Desde aquel 14 de noviembre de 1975, hace ahora 40 años, cuando se firmó en Madrid el acuerdo tripartito por los gobiernos de España, Marruecos y Mauritania, arrastramos una mala conciencia invencible. Fue entonces, en la linde del deshonor, en la agonía de Franco, cuando el gobierno suspendió el ejercicio de los deberes que nos incumbían como potencia administradora del territorio, a tenor de la Carta de Naciones Unidas. Esa firma precipitó el abandono fulminante del Sáhara sin atender a su condición de provincia, adquirida por decreto de la presidencia del gobierno el 10 de enero de 1958. Idéntico abandono hizo antes del territorio de Ifni que, erigido en provincia por el mismo decreto, fue retrocedido a Marruecos mediante el acuerdo de Fez del 4 de enero de 1969, ratificado por las Cortes españolas el 22 de abril.
La declaración de estos territorios como provincias seguía la senda del salazarismo respecto de las posesiones portuguesas de ultramar. Su objetivo era evitar la rendición de cuentas ante el Comité de los 24 de la ONU, competente en materia de descolonización.
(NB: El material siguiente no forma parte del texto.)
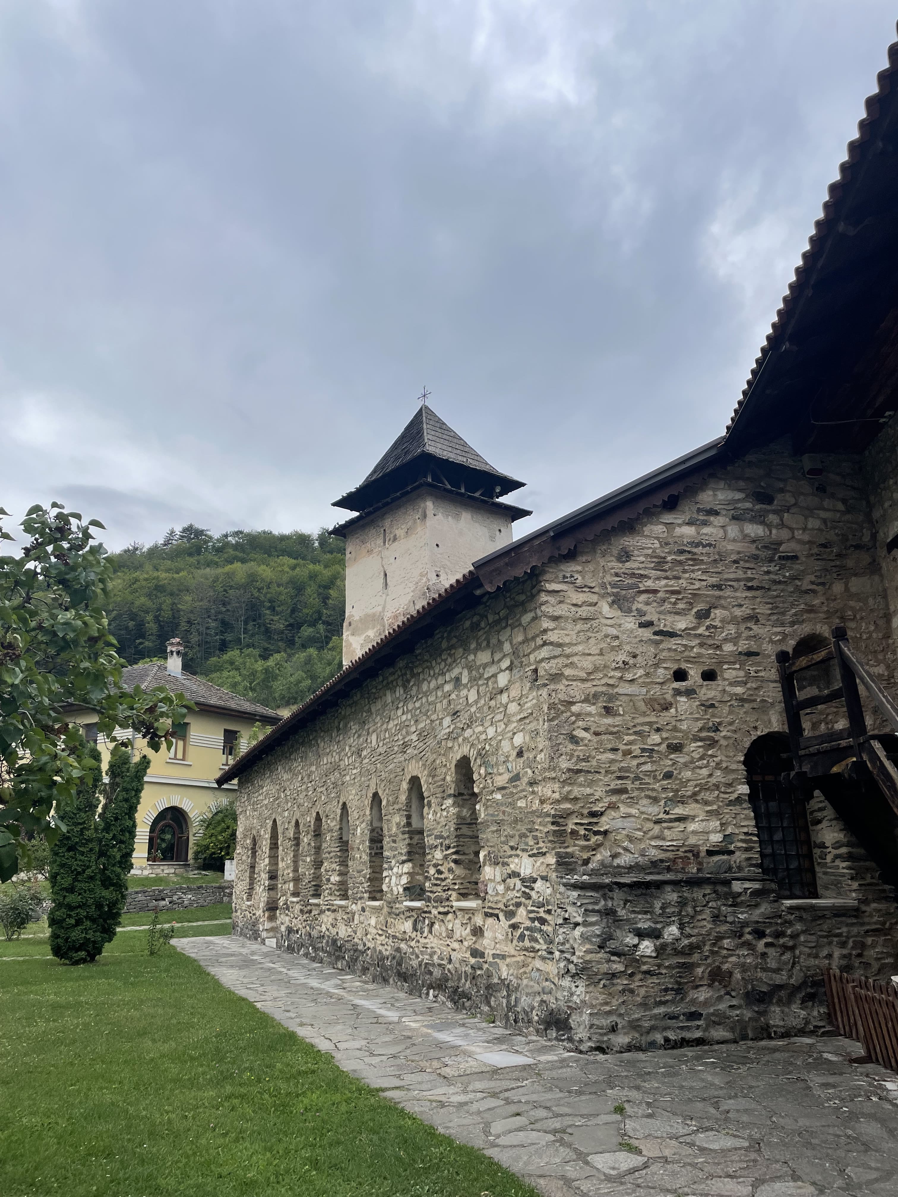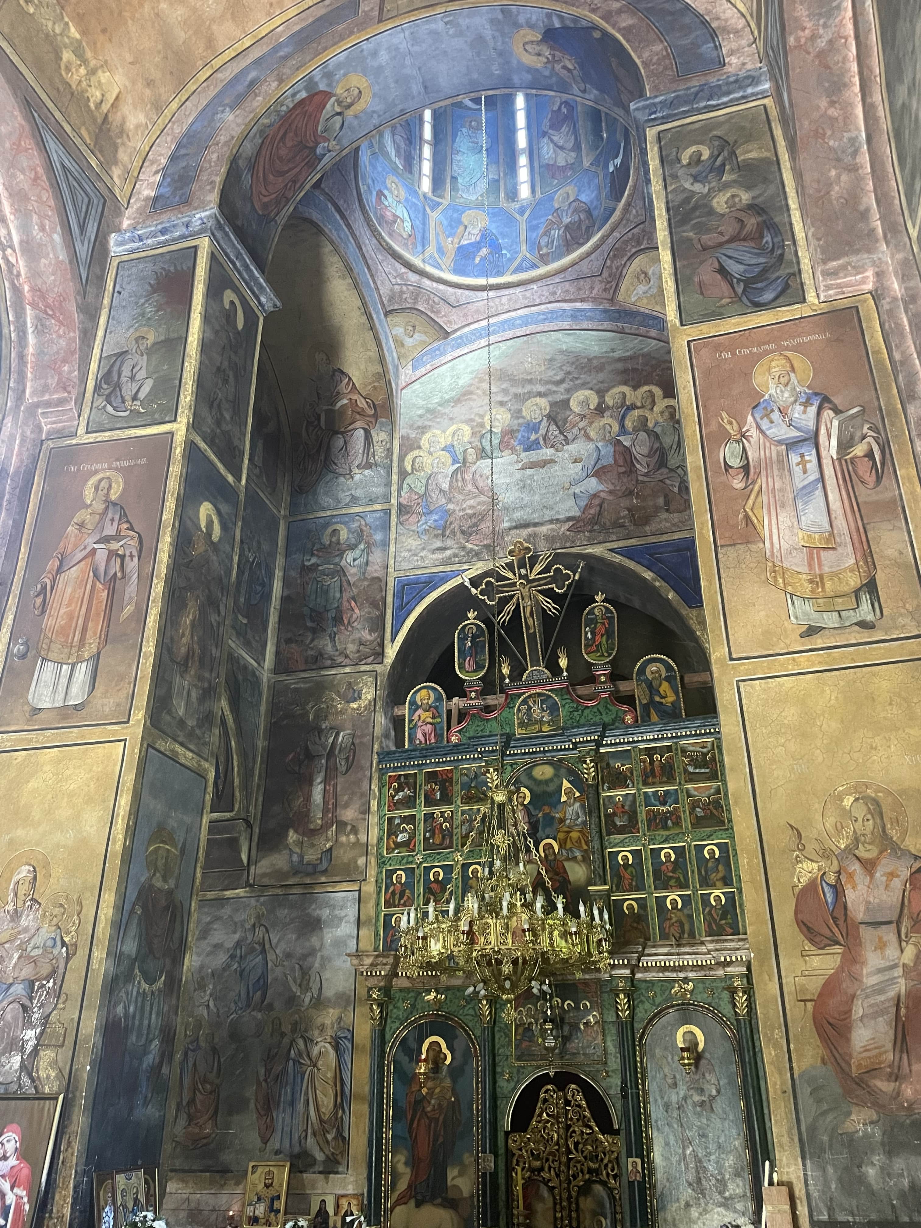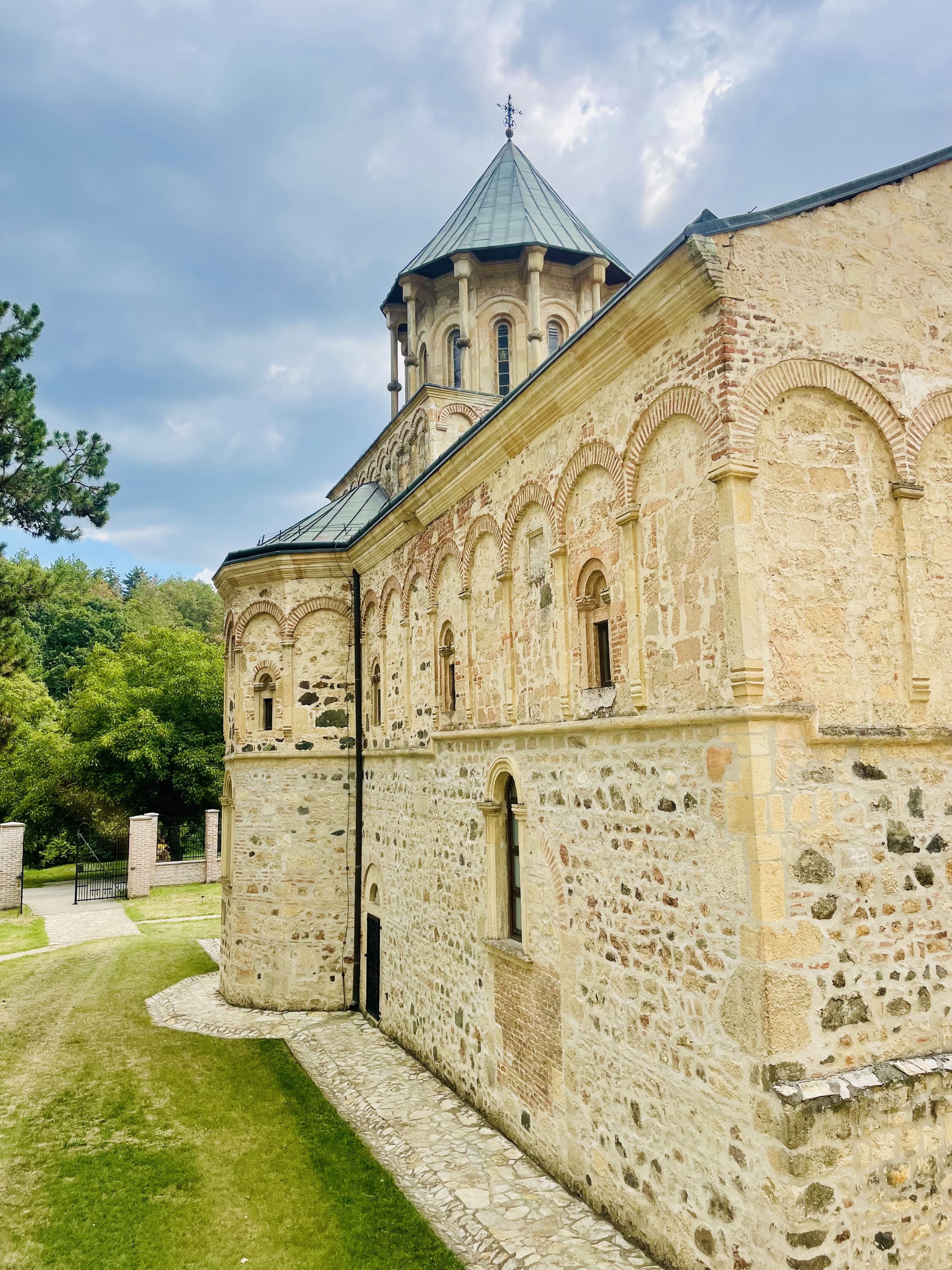 Les extérieurs du monastère sont en travaux, mais cela ne gêne en rien notre visite. L’église, reconnaissable à ses murs rouges caractéristiques, est splendide. L’intérieur abrite des fresques anciennes témoignant du rôle crucial du lieu dans la culture médiévale serbe.

Otra cosa es que el embajador de Franco ante la
ONU, Jaime de Piniés, ignorara la pretendida provincialidad y cumplimentara bajo cuerda las peticiones del mencionado comité.
Ahí están los documentos gráficos acreditativos de la presencia en el hemiciclo de las Cortes orgánicas tanto del consejero nacional del Movimiento, enviado por los camaradas nómadas, como de los otros dos procuradores de Representación Familiar que, a tenor de la Ley Orgánica del Estado de 1966, eran elegidos por los cabezas de familia, empadronados en las tribus del desierto. Eran muy de ver con sus atuendos blancos y azules del cuello a los pies, agrupados en escaños contiguos sin atender al estricto orden alfabético. La crónica desde El Aaiún de un buen amigo periodista, escrita en el número 27 del semanario
Posible del 17 de julio de 1975, remite al origen de nuestra mala conciencia.
Se titulaba “Nadie quiere morir por el Sáhara”. Empezaba así: “Dijo Kissinger ‘el Sáhara para Marruecos’. Y la luz se hizo”. Pronosticaba que “el reparto del territorio acabaría en genocidio” y que “Hasán II tendría que enfrentarse a la guerrilla”. Señalaba que, a tenor de los discursos oficiales, aquel trozo entrañable de España estaba en trance de dejar de serlo; que en esas condiciones nadie quería morir por el Sáhara, que era gratuito el nerviosismo revestido de halago al Ejército por parte de algunos patrocinadores del abandono al galope, y que sobre aquellas arenas había un pueblo con el que debería contarse en todo caso. Pero fue traicionado.